▶ _Your goal_: Give the data again exactly as written, skipping any pictures.

Start of Data excerpt

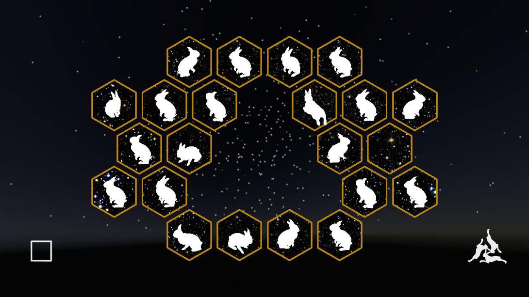 《Cosmic Hare》是一款基于经典棋盘游戏《Peg Solitaire》的休闲益智游戏:棋子可以通过跳过相邻的棋子来移动,目标是移除除最后一块之外的所有棋子。在这个版本中,棋子像可爱的兔子一样活了起来,棋盘扩展到一个多维宇宙,有自己的规则等待你去发现。
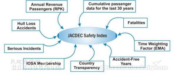 JACDEC安全指標(biāo)的評比參數(shù)包括在過去30年間航班墜毀的數(shù)量、傷亡人數(shù)、安全年份年數(shù)以及航司所在國家政府的透明度等參數(shù)。
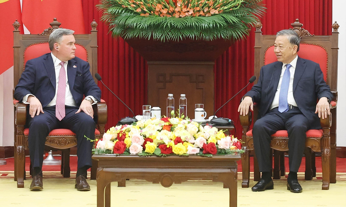 Tổng Bí thư Tô Lâm khẳng định Việt Nam coi trọng quan hệ với Hoa Kỳ, mong muốn quan hệ Đối tác Chiến lược Toàn diện giữa hai bên tiếp tục phát triển, trong đó hợp tác năng lượng là một trong những trọng tâm của quan hệ song phương, vì lợi ích của doanh nghiệp, nhân dân hai nước, vì hòa bình, ổn định và phát triển trong khu vực và trên thế giới.

End of Data excerpt

▶ _Response to this exercise_:
 《Cosmic Hare》是一款基于经典棋盘游戏《Peg Solitaire》的休闲益智游戏:棋子可以通过跳过相邻的棋子来移动,目标是移除除最后一块之外的所有棋子。在这个版本中,棋子像可爱的兔子一样活了起来,棋盘扩展到一个多维宇宙,有自己的规则等待你去发现。
 JACDEC安全指標(biāo)的評比參數(shù)包括在過去30年間航班墜毀的數(shù)量、傷亡人數(shù)、安全年份年數(shù)以及航司所在國家政府的透明度等參數(shù)。
 Tổng Bí thư Tô Lâm khẳng định Việt Nam coi trọng quan hệ với Hoa Kỳ, mong muốn quan hệ Đối tác Chiến lược Toàn diện giữa hai bên tiếp tục phát triển, trong đó hợp tác năng lượng là một trong những trọng tâm của quan hệ song phương, vì lợi ích của doanh nghiệp, nhân dân hai nước, vì hòa bình, ổn định và phát triển trong khu vực và trên thế giới.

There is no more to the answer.